[Opening INFORMATION SHOWN section]

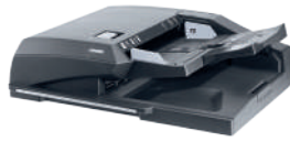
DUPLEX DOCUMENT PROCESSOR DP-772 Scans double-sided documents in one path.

[Closing INFORMATION SHOWN section]
[Opening INFORMATION SHOWN section]

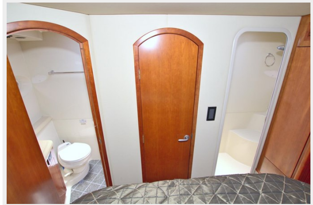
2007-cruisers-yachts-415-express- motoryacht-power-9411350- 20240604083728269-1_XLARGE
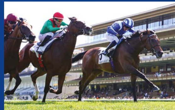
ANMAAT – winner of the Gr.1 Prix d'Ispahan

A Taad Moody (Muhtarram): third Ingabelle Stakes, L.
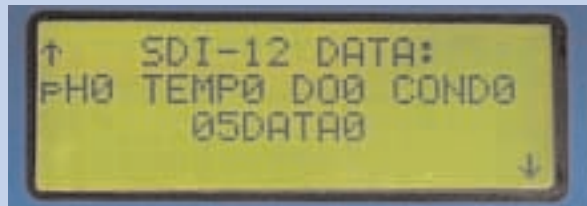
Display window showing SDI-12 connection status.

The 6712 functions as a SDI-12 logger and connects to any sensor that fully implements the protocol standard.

[Closing INFORMATION SHOWN section]

• EXERCISE DETAILS
Once the line with "ANMAAT – winner of the Gr.1 Prix d'Ispahan" is found above, transcribe each line from it through the line with "The 6712 functions", exactly, and omit the pictures.

• WORKED SOLUTION
ANMAAT – winner of the Gr.1 Prix d'Ispahan

A Taad Moody (Muhtarram): third Ingabelle Stakes, L.
Display window showing SDI-12 connection status.

The 6712 functions as a SDI-12 logger and connects to any sensor that fully implements the protocol standard.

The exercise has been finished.